# Retinol for dry skin?



## bunnylover (May 11, 2008)

Hi everyone,

Can people with dry skin use retinol? I hardly get pimples because I have dry skin. But I've been reading articles stating that people in my age group (I'm 30) should start using a product containing retinol for anti-aging. Does retinol help with sagging/elastin beside wrinkles/collagen? I also read retinol thins out the skin, so won't that cause sagging??

And comments? Thanks.


----------



## Dragonfly (May 11, 2008)

Don't waste your money on over the counter products containing retinol.

Get you doctor to prescribe Retin A or another product that contains Tretinoin. Products that contain Tretinoin can be prescribed for cosmetic purposes.

Retin A can be drying, so start our very slowly until your skin gets use to it - your doctor will explain all of that.

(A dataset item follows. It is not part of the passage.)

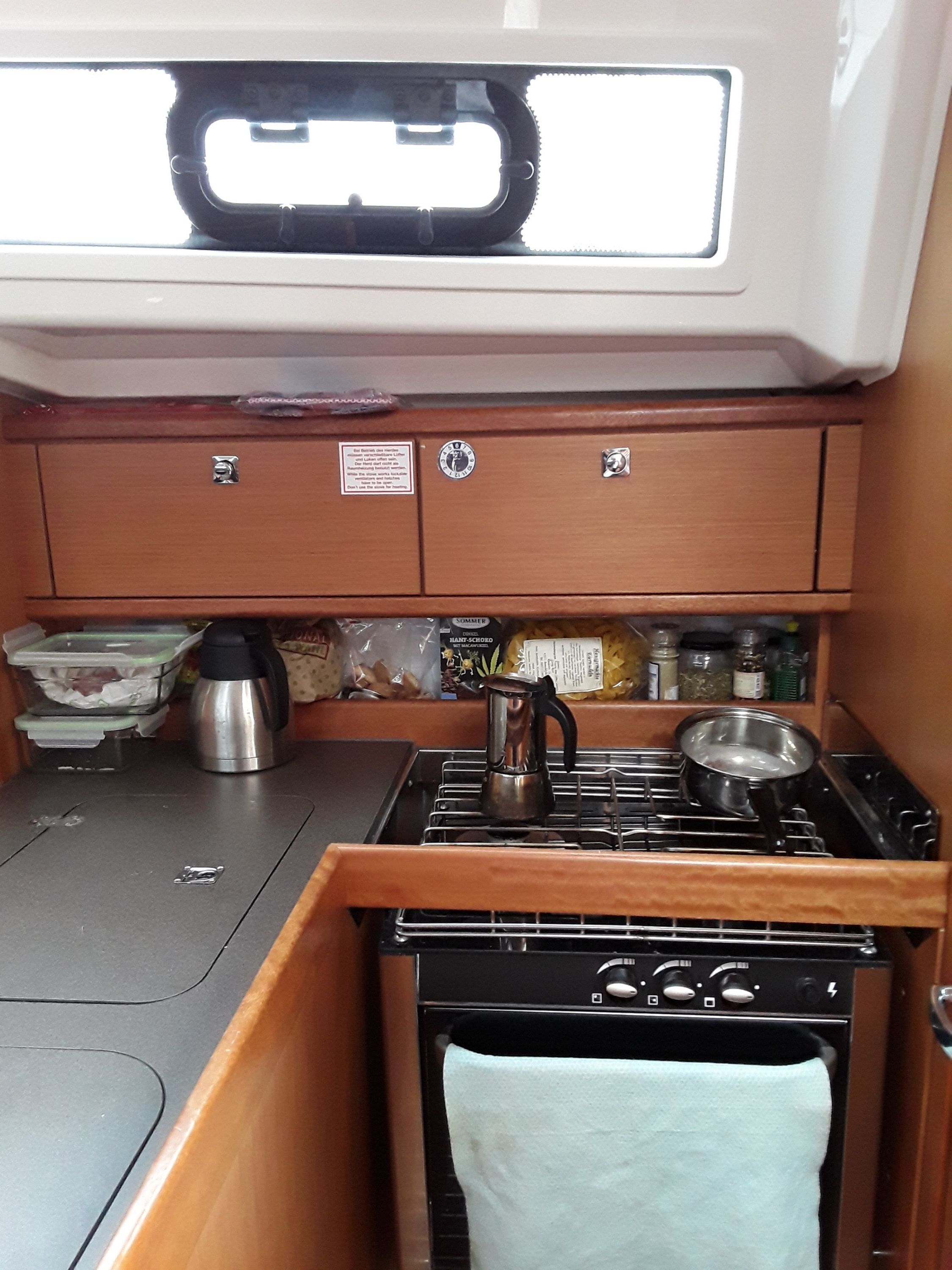 | Safety | AIS Empfänger, Automatikwesten, Autopilot, Bootsmannstuhl, Bordwerkzeug, Bugstrahlruder (teilw.), Feuerlöscher, Handbilgepumpe, Nebelhorn, Notsignale, Rettungsinsel, Taschenlampe, UKW-Funk m. DSC |

Prescribed Tretinoin products are the only ones that can stop skin from wrinkling and help remove wrinkles already in place. Absolutely no over the counter product can help with wrinkling - other than make it appear that they are doing something.

And Tretinoin does help replenish collagen as well.

Make an appointment with your doctor to discuss if a product like Retin a will benefit your skin.

As well, alway use lots of sunscreen as the sun is the biggest culprit when it comes to wrinkles - smoking is a close second.


----------



## Lia (May 11, 2008)

Carolyn is right - also , if you have acne problems, Tretinoin and their 'cousins' (tazaroten - tazorac; adapalen - differin; isotretinoin - don't remember the name) also help with them !


----------



## patsluv (May 21, 2008)

You can use it but may need a moisturizer along with it to prevent drying and irritation. I don't have very dry skin but still can't use it alone without any moisturizer. My face will get red patches and very sensitive so much so that any products that contain acids like glycolic would burn my skin.

It thins the outer layers of the skin but thickens the inner most layers of the skin so it helps to firm the skin over the long term.


----------



## Dragonfly (May 22, 2008)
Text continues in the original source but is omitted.